The natural history of LBD, like Alzheimer’s disease, varies significantly among patients. Some progress slowly, others more quickly.
The average duration of illness is 5-7 years after enough symptoms present for a diagnosis to be made.
There are no formally defined stages of LBD like there are in Alzheimer’s disease.
Efforts are underway to define the mild cognitive impairment stage of LBD, to allow for an earlier diagnosis.
Due to the low public awareness of LBD, most patients and families will first be introduced to it at the time of diagnosis.
Information about LBD, referrals to community services, and discussions about advanced care planning for the future are important immediately after diagnosis.
An accurate diagnosis of LBD is imperative for educating patients and caregivers about the unique clinical needs of LBD patients.
Many patients and families have benefitted from locating physicians who are experienced in recognizing and managing the complexities of LBD.
The way in which LBD progresses varies from person to person.
Some people experience a gradual worsening of LBD symptoms, while others experience periods of more rapid decline.
Often LBD cognitive and behavioral symptoms worsen temporarily, because of pain, infection or other medical problem, but may improve once the problem is resolved. And while some LBD treatments may lesson certain symptoms for a period, there is no cure for LBD.
The average duration of LBD (from the time of diagnosis to death) is 5 to 7 years and final stage Lewy Body Dementia.
The initial symptoms of LBD can vary by the individual, and may include either visual hallucinations, acting out dreams or other sleep disturbances, cognitive impairment, or parkinsonian motor signs (these signs include tremor, rigidity, and problems with balance and movement).
In general, the symptoms of LBD get worse as the disease progresses over a period of years, but there may be times when symptoms suddenly become much worse or mental abilities may fluctuate unpredictably.
Medications that have anticholinergic or antipsychotic properties should be used cautiously, if at all, and may cause sudden and sometimes severe deterioration.

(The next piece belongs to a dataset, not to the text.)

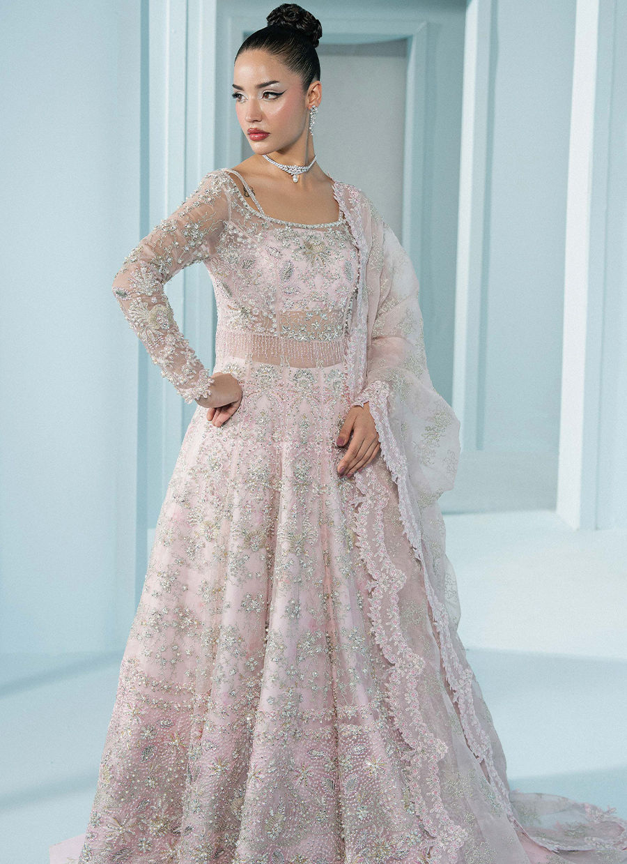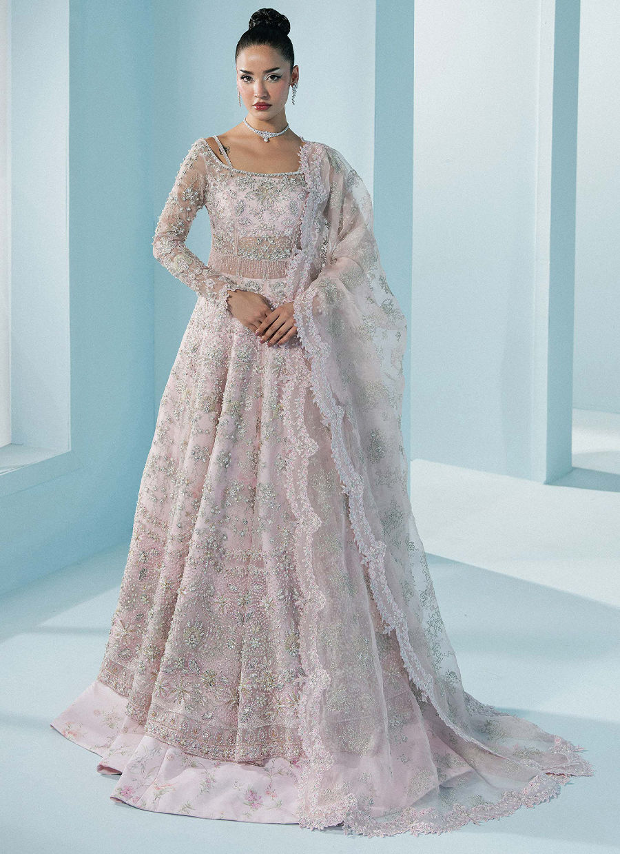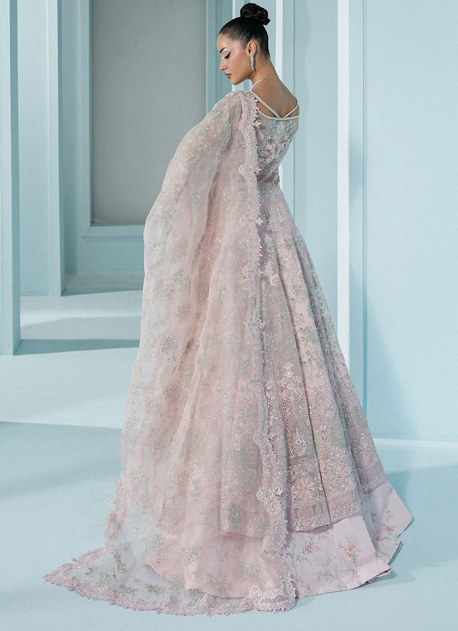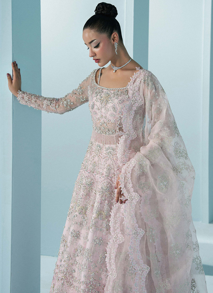 A vision of delicacy in soft powder pink, this 16-panel pishwas design with full sleeves is lavishly adorned with intricate tilla and shimmering sequins, radiating ethereal charm. Paired with printed Raw silk lehenga pants that enhance its flowing silhouette, the look is perfected with an Oganza dupatta edged with a scalloped border, embodying timeless elegance and grace for cherished festive occasions.

In the later stages of the disease, people with LBD are not able to do the basic self-care activities such as bathing, dressing, or toileting and often have increasing difficulties with movement that can affect walking, talking, and swallowing.
These more severe problems also make it more difficult for the person with LBD to communicate or participate in activities and may cause weight loss, aspiration pneumonia, or falls that result in broken hips or wrists.
When a person with LBD needs constant care to meet their basic needs (like feeding and toileting) and their quality of life is greatly reduced, it is an appropriate time to consider a hospice program.